**Problem**
In the listing below, the lines starting with the line with "Fig. 7 Zhu Legeng Ceramics Studio, Jingdezhen" and going on through the line with "It is subject" are to be reproduced exactly, and only those.

**Records for the task**
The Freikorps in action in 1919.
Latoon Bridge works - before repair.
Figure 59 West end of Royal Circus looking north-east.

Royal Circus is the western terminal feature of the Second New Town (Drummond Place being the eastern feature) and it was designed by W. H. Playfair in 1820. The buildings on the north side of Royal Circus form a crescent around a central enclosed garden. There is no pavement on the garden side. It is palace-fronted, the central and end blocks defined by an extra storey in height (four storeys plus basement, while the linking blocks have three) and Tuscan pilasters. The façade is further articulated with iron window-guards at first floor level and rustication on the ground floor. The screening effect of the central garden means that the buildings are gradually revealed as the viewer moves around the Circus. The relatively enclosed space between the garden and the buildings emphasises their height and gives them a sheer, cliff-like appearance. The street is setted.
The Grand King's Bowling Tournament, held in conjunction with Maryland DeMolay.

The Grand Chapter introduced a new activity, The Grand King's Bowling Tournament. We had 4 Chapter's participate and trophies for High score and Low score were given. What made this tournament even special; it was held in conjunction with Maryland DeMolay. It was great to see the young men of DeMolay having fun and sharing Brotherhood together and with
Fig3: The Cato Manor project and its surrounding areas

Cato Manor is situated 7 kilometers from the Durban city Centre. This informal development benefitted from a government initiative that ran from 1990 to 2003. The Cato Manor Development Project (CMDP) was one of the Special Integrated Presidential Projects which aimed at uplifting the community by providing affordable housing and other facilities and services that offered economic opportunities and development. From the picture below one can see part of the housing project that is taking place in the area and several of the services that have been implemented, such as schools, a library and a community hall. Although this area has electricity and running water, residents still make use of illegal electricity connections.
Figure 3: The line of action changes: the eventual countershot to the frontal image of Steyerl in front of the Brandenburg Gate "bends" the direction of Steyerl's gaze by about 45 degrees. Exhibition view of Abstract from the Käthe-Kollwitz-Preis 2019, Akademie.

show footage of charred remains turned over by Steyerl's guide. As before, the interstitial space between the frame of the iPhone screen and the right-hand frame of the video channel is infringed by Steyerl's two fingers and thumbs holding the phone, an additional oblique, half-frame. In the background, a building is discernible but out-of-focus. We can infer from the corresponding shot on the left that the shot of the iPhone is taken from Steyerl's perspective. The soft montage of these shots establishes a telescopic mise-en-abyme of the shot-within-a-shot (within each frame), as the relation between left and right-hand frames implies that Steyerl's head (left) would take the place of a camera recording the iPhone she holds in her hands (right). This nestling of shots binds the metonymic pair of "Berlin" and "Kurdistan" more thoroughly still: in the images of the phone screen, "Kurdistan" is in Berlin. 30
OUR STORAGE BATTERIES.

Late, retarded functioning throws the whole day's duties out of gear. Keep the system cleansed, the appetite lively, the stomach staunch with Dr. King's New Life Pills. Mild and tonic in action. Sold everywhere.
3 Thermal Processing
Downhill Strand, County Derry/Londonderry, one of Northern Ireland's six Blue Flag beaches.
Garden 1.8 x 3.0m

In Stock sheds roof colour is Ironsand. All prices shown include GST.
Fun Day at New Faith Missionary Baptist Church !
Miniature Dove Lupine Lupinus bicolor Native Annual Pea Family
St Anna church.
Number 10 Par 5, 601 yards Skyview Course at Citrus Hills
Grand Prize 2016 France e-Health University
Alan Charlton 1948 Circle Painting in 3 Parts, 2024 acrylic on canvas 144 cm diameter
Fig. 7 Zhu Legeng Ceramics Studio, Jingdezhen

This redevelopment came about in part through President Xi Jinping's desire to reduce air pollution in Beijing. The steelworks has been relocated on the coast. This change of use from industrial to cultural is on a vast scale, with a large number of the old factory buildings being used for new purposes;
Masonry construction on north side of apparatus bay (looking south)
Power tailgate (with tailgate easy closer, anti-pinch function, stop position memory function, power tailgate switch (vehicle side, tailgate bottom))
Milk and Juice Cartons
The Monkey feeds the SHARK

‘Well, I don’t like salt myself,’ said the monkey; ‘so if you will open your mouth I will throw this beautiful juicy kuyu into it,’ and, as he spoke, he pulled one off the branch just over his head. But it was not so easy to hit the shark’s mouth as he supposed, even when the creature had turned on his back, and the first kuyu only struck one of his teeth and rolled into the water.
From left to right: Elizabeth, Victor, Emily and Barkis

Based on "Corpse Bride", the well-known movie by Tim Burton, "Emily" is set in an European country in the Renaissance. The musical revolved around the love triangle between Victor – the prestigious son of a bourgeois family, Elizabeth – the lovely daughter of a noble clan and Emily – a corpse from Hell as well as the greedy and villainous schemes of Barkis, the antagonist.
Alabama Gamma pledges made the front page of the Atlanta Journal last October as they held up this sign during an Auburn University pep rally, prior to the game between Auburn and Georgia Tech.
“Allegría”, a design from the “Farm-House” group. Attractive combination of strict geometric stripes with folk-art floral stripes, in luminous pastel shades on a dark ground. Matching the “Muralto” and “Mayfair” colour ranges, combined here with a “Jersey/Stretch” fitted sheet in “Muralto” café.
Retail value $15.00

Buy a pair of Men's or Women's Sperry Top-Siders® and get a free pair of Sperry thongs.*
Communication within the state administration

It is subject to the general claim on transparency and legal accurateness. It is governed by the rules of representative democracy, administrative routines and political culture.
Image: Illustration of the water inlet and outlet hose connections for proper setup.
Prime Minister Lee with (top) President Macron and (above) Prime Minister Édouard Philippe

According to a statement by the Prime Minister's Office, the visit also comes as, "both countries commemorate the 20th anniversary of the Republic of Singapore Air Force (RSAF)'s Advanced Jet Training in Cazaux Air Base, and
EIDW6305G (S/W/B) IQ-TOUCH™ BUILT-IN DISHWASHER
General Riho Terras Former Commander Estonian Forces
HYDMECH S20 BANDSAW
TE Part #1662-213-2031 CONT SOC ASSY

**Written answer**
Fig. 7 Zhu Legeng Ceramics Studio, Jingdezhen

This redevelopment came about in part through President Xi Jinping's desire to reduce air pollution in Beijing. The steelworks has been relocated on the coast. This change of use from industrial to cultural is on a vast scale, with a large number of the old factory buildings being used for new purposes;
Masonry construction on north side of apparatus bay (looking south)
Power tailgate (with tailgate easy closer, anti-pinch function, stop position memory function, power tailgate switch (vehicle side, tailgate bottom))
Milk and Juice Cartons
The Monkey feeds the SHARK

‘Well, I don’t like salt myself,’ said the monkey; ‘so if you will open your mouth I will throw this beautiful juicy kuyu into it,’ and, as he spoke, he pulled one off the branch just over his head. But it was not so easy to hit the shark’s mouth as he supposed, even when the creature had turned on his back, and the first kuyu only struck one of his teeth and rolled into the water.
From left to right: Elizabeth, Victor, Emily and Barkis

Based on "Corpse Bride", the well-known movie by Tim Burton, "Emily" is set in an European country in the Renaissance. The musical revolved around the love triangle between Victor – the prestigious son of a bourgeois family, Elizabeth – the lovely daughter of a noble clan and Emily – a corpse from Hell as well as the greedy and villainous schemes of Barkis, the antagonist.
Alabama Gamma pledges made the front page of the Atlanta Journal last October as they held up this sign during an Auburn University pep rally, prior to the game between Auburn and Georgia Tech.
“Allegría”, a design from the “Farm-House” group. Attractive combination of strict geometric stripes with folk-art floral stripes, in luminous pastel shades on a dark ground. Matching the “Muralto” and “Mayfair” colour ranges, combined here with a “Jersey/Stretch” fitted sheet in “Muralto” café.
Retail value $15.00

Buy a pair of Men's or Women's Sperry Top-Siders® and get a free pair of Sperry thongs.*
Communication within the state administration

It is subject to the general claim on transparency and legal accurateness. It is governed by the rules of representative democracy, administrative routines and political culture.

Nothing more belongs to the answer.